The WCO was hugely prevalent in the NFL through the 1980s and 90s, destroying corners in man coverage and neutralizing pass rushes with short timing routes that found horizontal lanes in the defense. Defenses eventually countered by using more cover 2, re-routing receivers and keeping the defenders back in zone coverage to minimize or even eliminate yards gained after the catch.
With defenses utilizing more man coverage and aggressive 3-4 schemes, Hamilton’s west coast concepts could be very helpful for the development of the young Colts’ offense. Adding more quick-developing pass plays to the offense should help against opposing pass rushers as well. Last season, Luck took countless hits and was sacked 41 times, tying the franchise high set by the line protecting former Colts quarterback, and Luck’s former coach, Jim Harbaugh in 1997. Reducing those sacks will be a priority in 2013, and the new system could play an integral part in that.

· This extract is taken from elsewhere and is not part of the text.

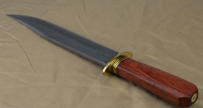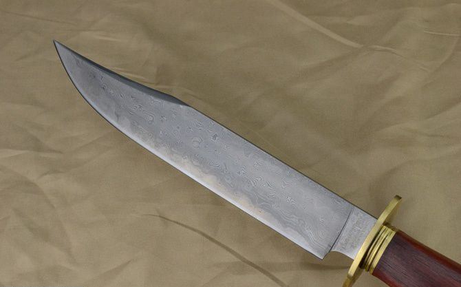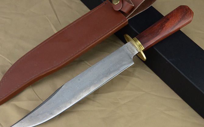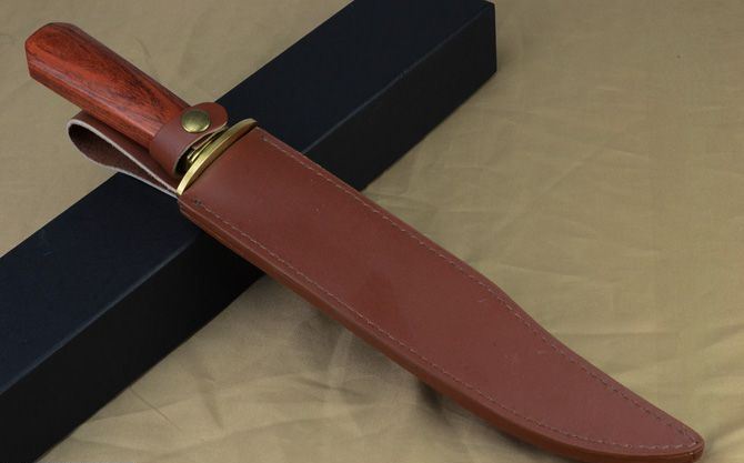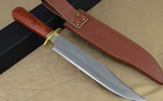 冷钢16cc花纹钢博伊刀 全长:39.5cm 柄长:13cm 刃长:26.2cm 刀厚:6.3mm 刃宽:4cm 刃材:花纹钢 柄材:酸枝木 护挡:纯黄铜 硬度:59HRC 净重:428克 毛重:770克(含皮鞘、包装)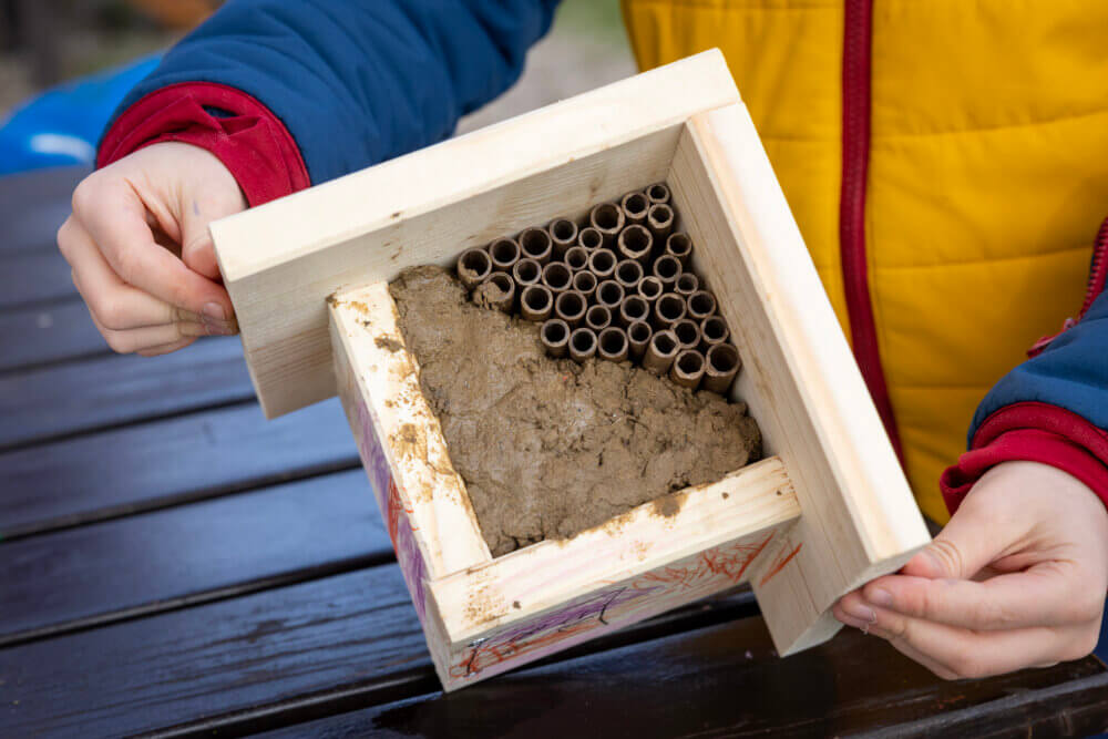 Mit dem NABU Bornstedt Insektenhotels bauen, bemalen und neue Lebensräume schaffen. Insektenhotels sind eine tolle Möglichkeit, Wildbienen aus der Nähe zu beobachten. Die Hotels könnt Ihr gegen eine selbst gewählte Spende mit nach Hause nehmen (Materialwert: 15 Euro pro Hotel). Kinder sind herzlich willkommen! Das passende Futter für Eure Wildbienen bieten

Luck on his plans for the offseason: “I think one, you have to make sure you take a little time off to relax and get away from football. I think that’s almost as important as the work you are going to put in. I think we are still working on a plan for the offseason and how to approach everything. I’m sure we will go back and look at nearly all the passes, see what went well, see what went wrong, see if there’s any mechanical issues per se that you can work on in the offseason. Then obviously, re-integrate myself with Pep’s (Hamilton) offense and create a strong dialogue which is going to be very important.”
Luck on what he wants to improve: “I think accuracy in all the levels of passing; whether it’s deep, short, intermediate. Just giving guys accurate balls that they can catch and run with, that’ll be very important. I think just building up a rapport with receivers and making sure that maybe what we couldn’t complete last year, we are completing this year.”